There is a really interesting concept at play here. By using information gleaned from real performers to inform how the virtual performance is then delivered, the potential of the approach is obvious. I’d be very surprised if we don’t see some of the mainstream sample‑based virtual instrument developers dipping their R&D toes into this pond very soon. Indeed, as we were going to press, ACE Studio announced a new collaboration with EastWest, so that process may well be underway.
Prompt Delivery
ACE Studio’s new AI generative music options come via three different avenues — Inspire Me, Add A Layer and Music Enhancer — each of which can generate musical ideas from suitable prompts. Inspire Me can deliver a whole song, from a prompt idea or from lyrics, and either with or without a vocal (although this vocal is AI generated, it doesn’t employ ACE Studio’s own vocal synthesis engine).
Generative music is now part of the ACE Studio feature set and Inspire Me lets you generate a complete song based upon a simple text prompt.
Add A Layer provides a similar function, but you can define a clip length in the Canvas if you just want a few bars as a starting point. I was working with v2.0.2 at the start of the review process and, at this point, the generated music didn’t really seem to reference any existing content within the project. However, v2.0.5 arrived just as I was finishing the review, and this produced a significant improvement in this feature. So, for example, if you wanted to add a new element — guitar, bass, vocal, drums, etc — to an existing idea already on the Canvas, this is now possible. I tried a few different musical styles — rock, house, EDM — and, while the results wouldn’t win prizes for musical originality, and produced the occasional musical oddity, they were generally on point.
The documentation suggests Music Enhancer will take a user‑defined selection of your current Canvas content, analyse it, and then ‘reimagine’ it using AI into a different music style. In use, I found it a bit hit and miss and often got an ‘analysis failed’ message. That said, both Music Enhancer and Add A Layer are currently shown as beta features so, presumably, there is still more to come...
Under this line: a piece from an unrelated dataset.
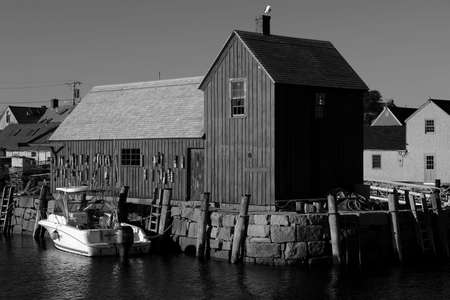 Fishing shack, boats, and Lobster Traps of Motif 1 on Bradley Wharf in Rockport, Massachusetts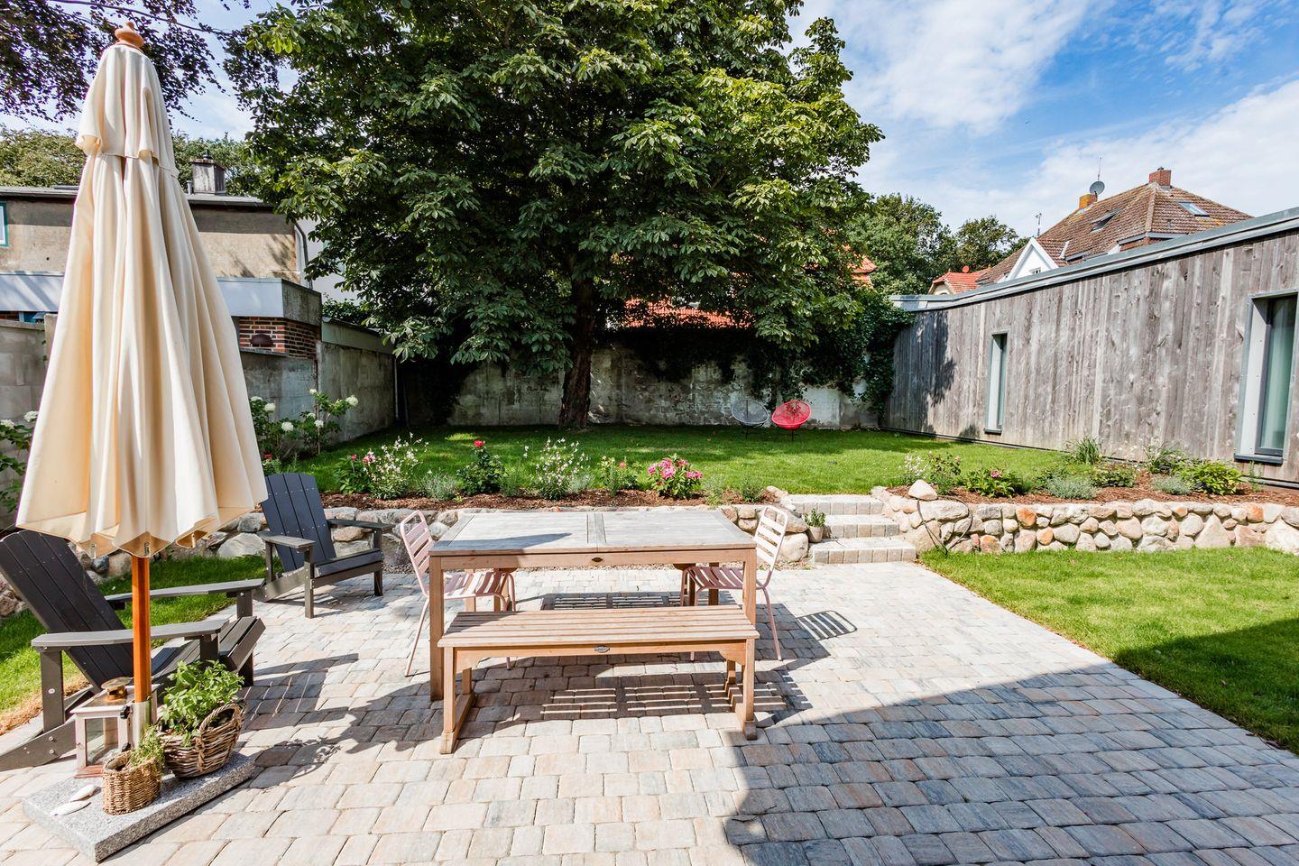 Zu den Highlights der Ferienunterkunft zählen wir u. a. die hochwertige Ausstattung und die eigene Terrasse im Garten, sowie die zentrale Lage.

A further element of the AI toolkit is the supplied Generative Kits. These are a downloadable catalogue of musical projects and project elements in a range of genres that you can use as starting points to inspire your own ideas. The song kits generally include an instrumental backing track (as audio, and which you could stem split) and a sung vocal. The latter uses one of ACE’s own voicebanks, so the voice can be swapped out, and the MIDI part is full editable. They do provide a very good demonstration of the voice synthesis engine’s capability and, for that reason alone, would be well worth exploring for new users.
Playing The ACE
So, what’s all this new — and ambitious — functionality like in use? Well, the vocal synthesis engine remains impressive and the wider selection of voicebank options are welcome. In the main, it is also remarkably easy to use, so getting to a first pass at a melodic/lyric idea — and then being able to develop it — is not particularly difficult. The results are good enough for a variety of real‑use cases such as creating vocal hooks, backing vocals and harmony vocals. You could also easily generate a full lead vocal demo to serve as a guide to a real singer. If you are aiming for synthesized vocals to actually fill the lead vocal role, perhaps that’s a case‑by‑case question, and whether the quality bar is jumped may well depend upon what the final use of the song is intended to be. The Voice Cloning feature is also off to a promising start.
I had plenty of success coaxing very usable performances out of the various string and brass instruments by recording myself scratch‑singing my best impression of the target instrument and applying the Vocal To MIDI function, before finally picking the appropriate AI Instrument to perform the resulting MIDI.
The introduction of ACE Studio’s own AI‑based virtual instruments is also a hit. I had plenty of success coaxing very usable performances out of the various string and brass instruments by recording myself scratch‑singing my best impression of the target instrument and applying the Vocal To MIDI function, before finally picking the appropriate AI Instrument to perform the resulting MIDI. This is a lot of fun and the potential is intriguing. Watch this space... things could get interesting.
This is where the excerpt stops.